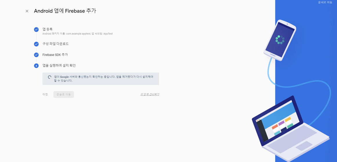 위와 같이 앱이 Google 서버와 통신했는지 확인하는 중이라는 문구를 보실 수 있고 조금 기다리시면
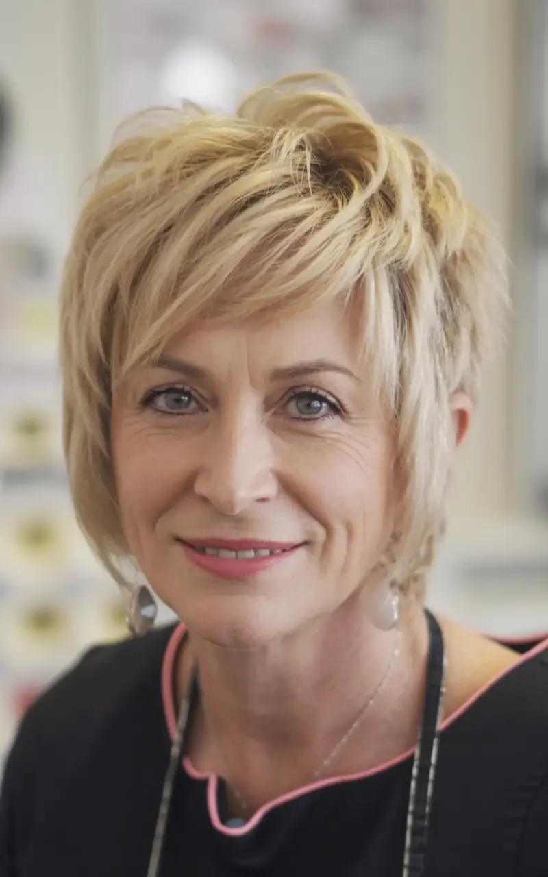 Dieser flotte, zottelige Kurzhaarschnitt besticht durch eine schöne Federung im Gesicht und einen leichten, flauschigen Schwung am Oberkopf. Er ist ein toller Schnitt für alle, die gerne große Haare tragen, aber nicht auf zu viel Länge verzichten möchten. Der Blondton ist warm genug, um den Teint sonnig wirken zu lassen, und der stufenförmige Pony verleiht der Frisur ein jugendliches Flair – ideal für den Herbst. Er gehört zu den angesagten Frisuren des Jahres 2025, ist freundlich und modisch zugleich und perfekt für alle, die gerne mit ihrem Aussehen experimentieren.
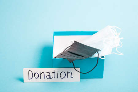 blue cardboard box with medical protective disposable masks in different colors, donation plate, blue background, copy space, donations box concept
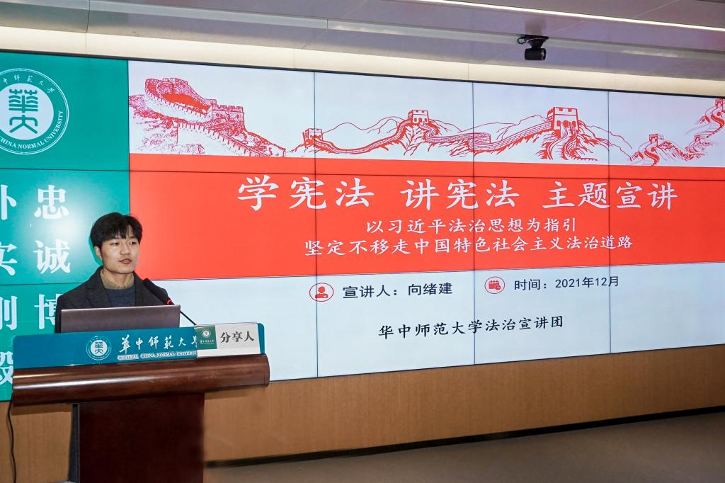 会议邀请到华中师范大学法治宣讲团以“学宪法、讲宪法”为题展开主题宣讲,在“共学一个主题”环节,为大家深入讲解了习近平法治思想的理论逻辑与核心要义,并结合我校宪法日系列活动,阐述了“宪法精神”的主要内容。
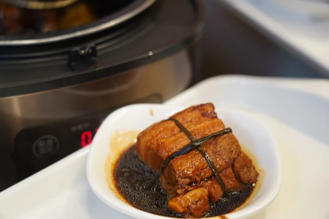 而热卤黄草扎肉则深受嘉定本地阿姨爷叔的青睐,吴阿姨品尝扎肉时毫不费力,筷尖轻触便让肉丝分离。她欣喜地表示,这火候让肉变得软糯入味,正是老年人喜爱的口感,“真的是嘉定老味道,冒着热气,咸甜适中,一口下去真的是暖胃又暖心,自家做不出这个味。连汤汁都嗦干净,拌进饭里太香了。”
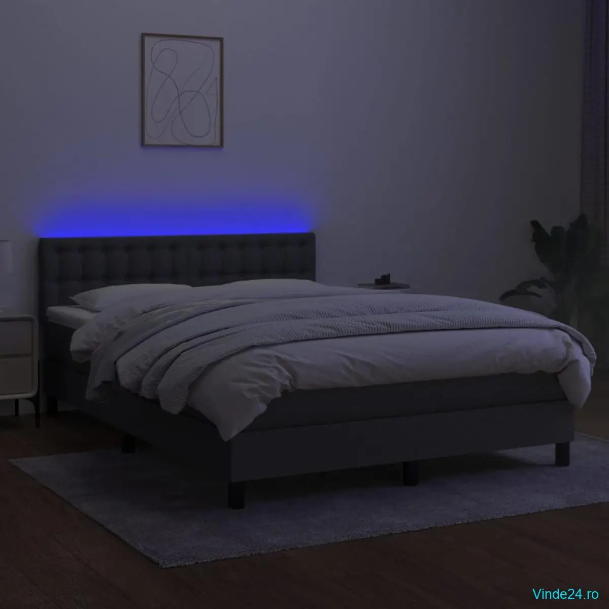 vidaXL Pat cu arcuri, saltea și LED, gri închis, 140x190 cm, textil
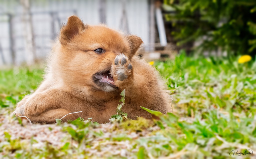 Meillä ei pitkään aikaan ole tällaista hammastelijaa ollutkaan. Purraan puntteja, nilkkoja, käsiä. Roikutaan aikuisten koirien häntäkarvoissa. Revitään hiuksista. Mahdoton ipana. Veikkauksia otetaan vastaan, milloin Dolly lopettaa puremisen. Kärsivällisesti kiljahdellen irrottelen sen hampaita paljaista nilkoista monen monta kertaa peräkkäin. Se on hyvin itsepäinen, mikä on tietysti hyvä asia. Mutta isojen koirien hännät – mitään itsesuojeluvaistoa sillä ei ole. Ei ollut kyllä Sumullakaan, pystykorvaiset pennut ovat omasta mielestään maailman keskipisteitä, oikeastaan koko universumi pyörii niiden ympärillä. Ne ovat kuin lapset tietyssä iässä- kuolemattomia.
-=-=-
- REQUIREMENT: Every line of the data above should be repeated exactly. Omit the pictures.

- RESULT FOR THIS TASK:
 위와 같이 앱이 Google 서버와 통신했는지 확인하는 중이라는 문구를 보실 수 있고 조금 기다리시면
 Dieser flotte, zottelige Kurzhaarschnitt besticht durch eine schöne Federung im Gesicht und einen leichten, flauschigen Schwung am Oberkopf. Er ist ein toller Schnitt für alle, die gerne große Haare tragen, aber nicht auf zu viel Länge verzichten möchten. Der Blondton ist warm genug, um den Teint sonnig wirken zu lassen, und der stufenförmige Pony verleiht der Frisur ein jugendliches Flair – ideal für den Herbst. Er gehört zu den angesagten Frisuren des Jahres 2025, ist freundlich und modisch zugleich und perfekt für alle, die gerne mit ihrem Aussehen experimentieren.
 blue cardboard box with medical protective disposable masks in different colors, donation plate, blue background, copy space, donations box concept
 会议邀请到华中师范大学法治宣讲团以“学宪法、讲宪法”为题展开主题宣讲,在“共学一个主题”环节,为大家深入讲解了习近平法治思想的理论逻辑与核心要义,并结合我校宪法日系列活动,阐述了“宪法精神”的主要内容。
 而热卤黄草扎肉则深受嘉定本地阿姨爷叔的青睐,吴阿姨品尝扎肉时毫不费力,筷尖轻触便让肉丝分离。她欣喜地表示,这火候让肉变得软糯入味,正是老年人喜爱的口感,“真的是嘉定老味道,冒着热气,咸甜适中,一口下去真的是暖胃又暖心,自家做不出这个味。连汤汁都嗦干净,拌进饭里太香了。”
 vidaXL Pat cu arcuri, saltea și LED, gri închis, 140x190 cm, textil
 Meillä ei pitkään aikaan ole tällaista hammastelijaa ollutkaan. Purraan puntteja, nilkkoja, käsiä. Roikutaan aikuisten koirien häntäkarvoissa. Revitään hiuksista. Mahdoton ipana. Veikkauksia otetaan vastaan, milloin Dolly lopettaa puremisen. Kärsivällisesti kiljahdellen irrottelen sen hampaita paljaista nilkoista monen monta kertaa peräkkäin. Se on hyvin itsepäinen, mikä on tietysti hyvä asia. Mutta isojen koirien hännät – mitään itsesuojeluvaistoa sillä ei ole. Ei ollut kyllä Sumullakaan, pystykorvaiset pennut ovat omasta mielestään maailman keskipisteitä, oikeastaan koko universumi pyörii niiden ympärillä. Ne ovat kuin lapset tietyssä iässä- kuolemattomia.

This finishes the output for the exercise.